GW501516 (also known as GW501, GW516, GW1516) belongs to family of drugs that act on the PPARD receptors and is an oral drug that is bioactive (has interaction with or effect on cell tissue) in humans.
PPARD is believed to work at the gene level and affects skeletal muscle metabolism. In one laboratory study, PPARD activation seemed to nearly double the Performance of running endurance in untrained adult mice.
Other potential functions of GW501516 include its regulation of fat metabolism, glucose uptake in skeletal muscle tissue and an increase in muscle gene expression.

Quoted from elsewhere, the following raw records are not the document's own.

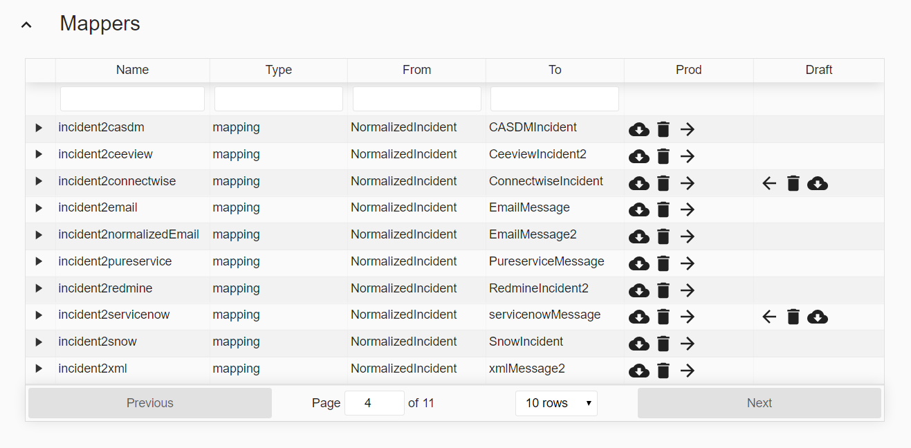 Mappers convert messages from one type to another. They define the translations between different message types, usually between a product-specific message and one or more normalized message formats. Mappers contain mappings, that define the translation of each field in the message. Mappers can perform calculations, unit conversions, time format conversions, apply regular expressions with capture groups, replace literal strings, etc.
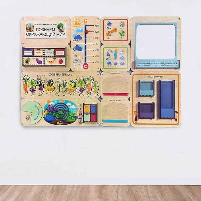 • Прочно закрепляются на стенах и не свалятся на детей, даже если они будут тянуть. Все материалы панелей безопасны для детей и сертифицированы. Малыши могут трогать, облизывать и грызть деревянные детали – их здоровью ничего не угрожает.
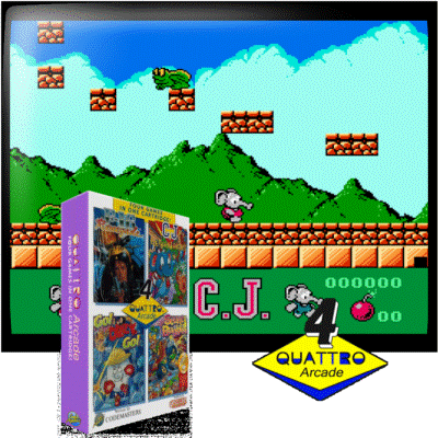 Quattro Arcade es una colección de 4 juegos arcade de acción, todos ellos con modos para un jugador y para 2 jugadores. 1. Las travesuras del elefante de C.J.: C.J. el elefante fue y quedó atrapado en una trampa para elefantes...
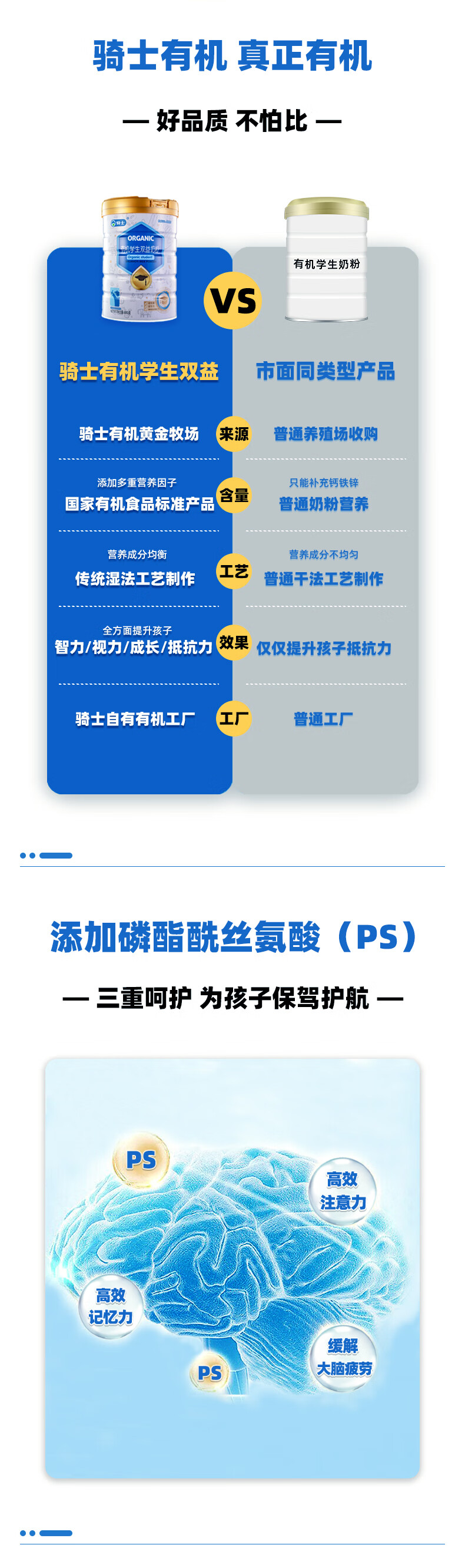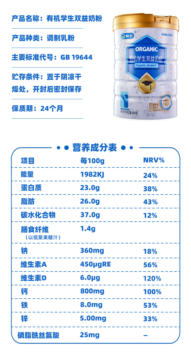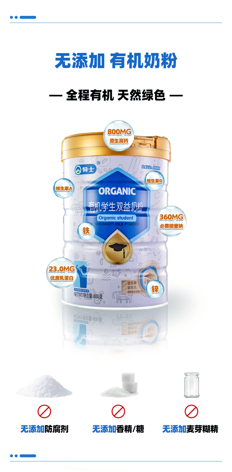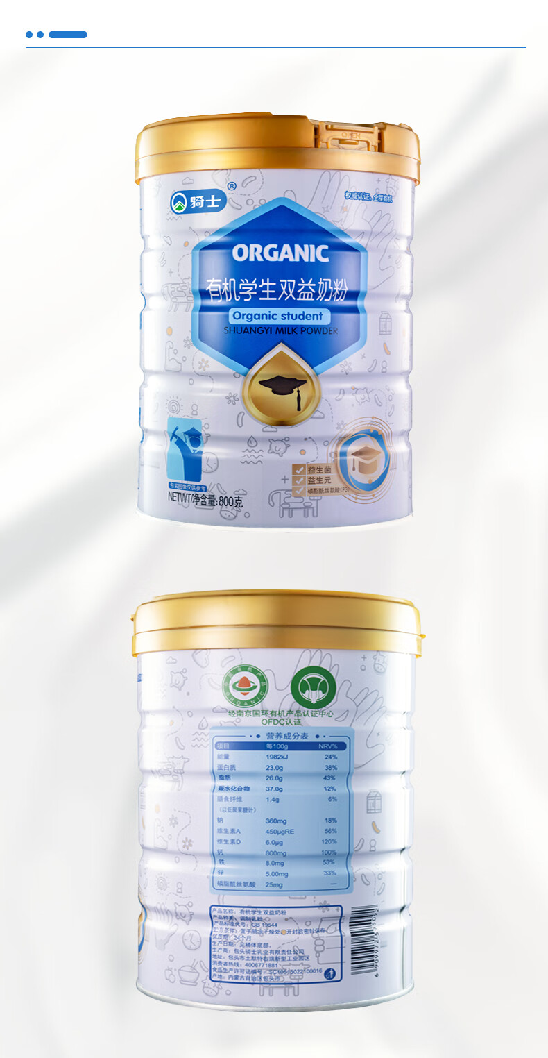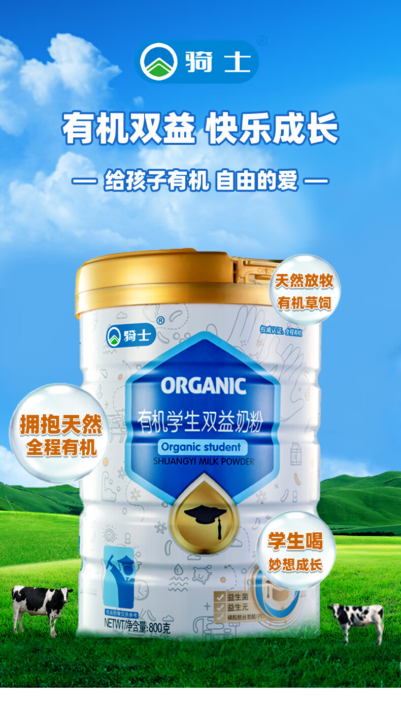 骑士有机学生双益奶粉800g罐装 学生青少年高钙营养早餐奶粉 多维铁锌

The combined effects of these various functions suggest it has a role in burning fat for energy instead of carbohydrates or muscle protein.
As such, it fits within an area of research into clinical applications for obese patients to lose fat effectively without experiencing muscle catabolism or the effects and satiety issues associated with low blood sugar.

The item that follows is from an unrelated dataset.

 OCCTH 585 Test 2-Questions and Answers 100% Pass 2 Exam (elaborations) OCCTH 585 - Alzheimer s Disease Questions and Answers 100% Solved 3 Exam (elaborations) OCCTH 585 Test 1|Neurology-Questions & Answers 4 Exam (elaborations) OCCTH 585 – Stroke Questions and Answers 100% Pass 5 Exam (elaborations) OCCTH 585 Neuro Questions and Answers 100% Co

In studies on mice, GW501516 led to increases in muscle mass, which improved glucose tolerance and reduced fat mass accumulation even in mice fed a very high fat diet.
Abstract: We evaluated the effects of GW501516, a specific peroxisome proliferator-activated receptor β/δ (PPARδ) agonist in metabolic syndrome mice, obtained by perinatal injection of monosodium l-glutamate, to investigate the efficacy of GW501516 against metabolic syndrome and the effectiveness of PPARδ activation as therapeutic target for metabolic syndrome. After 14 days treatment, GW501516 effectively improved the glucose intolerance, normalized the fasted blood glucose, and increased the serum high-density lipoprotein cholesterol (HDL-C) level. Postprandial blood glucose, serum insulin, leptin, free fatty acid (FFA) levels, and total cholesterol/HDL-C ratio were also significantly decreased. Moreover, semiquantitative reverse transcriptionpolymerase chain reaction results indicated that the above phenotypes might be due to (i) enhancement of fatty acid oxidation in muscle, adipose tissue and the liver; (ii) improvement of insulin-stimulated glucose transportation in skeletal muscle and adipose tissue; and (iii) reduced local glucocorticoid synthesis. Therefore, GW501516 could significantly ameliorate dyslipidaemia and insulin resistance in monosodium l-glutamate mice and activation of PPARδ could be envisioned as a useful strategy against human metabolic syndrome and related diseases.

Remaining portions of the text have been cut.